Two companies belonging to Victorino Alonso, the so-called of Spain Unión Minera del Norte (Uminsa) and Coto Minero Cantábrico are seeking to renegotiate their debts after the government rejected a request from them for state aid.
In a statement released Thursday, Uminsa and Coto Minero said they have declared themselves in pre-receivership, a period during which under Spanish bankruptcy regulations companies have three months to try to renegotiate their debt with creditors.
The companies, which form part of the largest private coal-mining group in Spain, were seeking state aid worth 49 million euros; 29.3 million for Uminsa and 19.8 million for Coto Minero. Their request was denied by the Industry Ministry because they had fallen behind in payments due to the Social Security system.
The companies also said they expected lower coal sales this year, while a dispute with electricity producers over prices and the quality of coal to be purchased had prevented them from obtaining revenues.
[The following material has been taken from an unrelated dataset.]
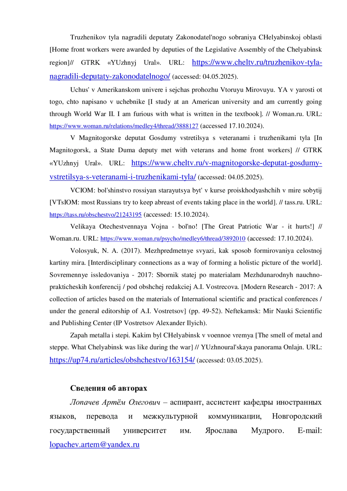 7. 	В Магнитогорске депутат Госдумы встретился с ветеранами и тружениками тыла // ГТРК “Южный Урал”. Дата размещения: 22.04.2025. Дата обращения: 04.05.2025. URL: https://www.cheltv.ru/v-magnitogorske-deputat-gosdumy-vstretilsya-s-veteranami-i-truzhenikami-tyla.

If companies fail to reach an agreement with creditors within the three-month period stipulated by the law, they thereafter automatically go into receivership.
Uminsa and Coto Minero are also facing a lawsuit filed by the state-owned coal company Hunosa last month over the disappearance of 528,000 tons of coal owned by Hunosa and stored in deposits controlled by the Alonso group under the terms of the Strategic Temporary Storage of Coal program. The Alonso group, the largest private coal business in Spain, claims the missing coal, which is valued at 46 million euros, was “lost because of the rain.”
According to information filed with the company registrar, both of the companies made profits in 2011: 3.3 million euros in the case of Coto Minero and 3.5 million in the case of Uminsa. At the end of 2011, Uminsa had liabilities of 108 million euros and Coto Minero 67.1 million.
The companies are also in the process of reducing their labor forces. “We’re very worried about the pre-receivership,” Antonio Fernández, a UGT labor union official, said Thursday. “Receivership would mean the end of the company.” The Alonso group in January unveiled plans to reduce its workforce to 1,434 from 2,158 at the end of September of last year. “We fear more layoffs or salary cuts,” Fernández said.
The future of the coal industry in Spain is under a dark cloud. The Industry Ministry has announced that under an agreement with the European Union state aid to coal-mining companies and to power utilities that purchase it will cease in 2015.
The statement released by the companies said the decision to go into pre-receivership should “in no way be interpreted” has a way of putting pressure on the government to reconsider its decision on state aid.